CatgirlIntelligenceAgency/libraries/array/readme.md
2023-03-04 19:14:20 +01:00

2.4 KiB

Array Library

The array library offers easy allocation of large memory mapped files with less performance overhead than the traditional buffers[i].get(j)-style constructions java often leads to given its suffocating 2 Gb ByteBuffer size limitation.

It accomplishes this by delegating block oerations down to the appropriate page. If the operation crosses a page boundary, it is not delegated and a bit slower.

It's a very C++-style library that does unidiomatic things with interface default functions to get diamond inheritance.

Quick demo:

var array = LongArray.mmapForWriting(Path.of("/tmp/test"), 1<<16);

array.transformEach(50, 1000, (pos, val) -> Long.hashCode(pos));
array.quickSort(50, 1000);
if (array.binarySearch(array.get(100), 50, 1000) >= 0) {
    System.out.println("Nevermind, I found it!");
}

array.range(50, 1000).fill(0, 950, 1);
array.forEach(0, 100, (pos, val) -> {
    System.out.println(pos + ":" + val);
});

Query Buffers

The library offers many operations for sorting and dealing with sorted data. The classes IntQueryBuffer and LongQueryBuffer are used heavily in the search engine's query processing.

They are dual-pointer buffers that offer tools for filtering data.

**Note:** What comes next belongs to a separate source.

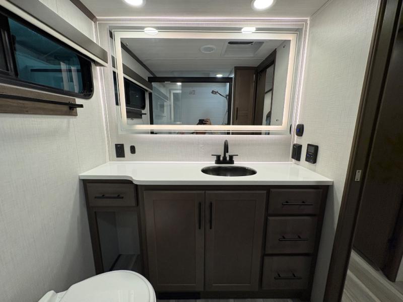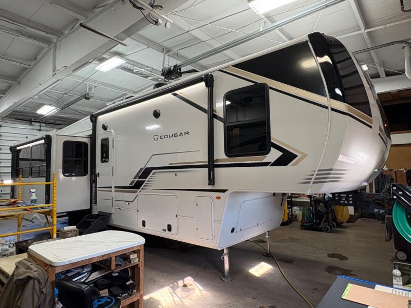 Spend more time having fun and less time worrying about your RV with the Keystone Cougar fifth wheel! These units have all that you will need for excellent vacations. The interior comes hardwood cabinet doors, solid surface kitchen countertops, an Oxygenics shower head and hose, plus a Vent-All window system. You will also appreciate the 12V charging stations throughout, the dual zone Bluetooth audio system, and the on-demand water heater for added comfort. The exterior is also fully outfitted with a convenience center, MaxTurn technology, Lippert axles with anti-lock braking system, and a Curt Road Armor shock absorbing equalizer for smooth towing. Each model is available with the optional Hero Edition. By choosing this edition, you can help support our nation's heros and their families by contributing to the Wounded Warrior Project. This optional package features an industry exclusive full-body paint matte finish, frameless windows, a glass entry door, blackout rims, and green LED exterior accent lighting; see dealer for more details!

LongQueryBuffer buffer = new LongQueryBuffer(1000);

fillBuffer(buffer);

// A typical filtering operation may look like this:
        
while (buffer.hasMore()) { // read < end
    if (someCondition(buffer.currentValue())) {
        // copy the value pointed to by the read
        // pointer to the read pointer, and
        // advance both
        buffer.retainAndAdvance();
    }
    else {
        // advance the read pointer
        buffer.rejectAndAdvance();
    }
}

// set the read pointer to the read pointer
// after this we can filter again

buffer.finalizeFiltering();

Especially noteworthy are the operations retain() and reject() in IntArraySearch and LongArraySearch. They keep or remove all items in the buffer that exist in the range. These are used to offer an intersection operation for the B-Tree that has in practice sub-linear run time.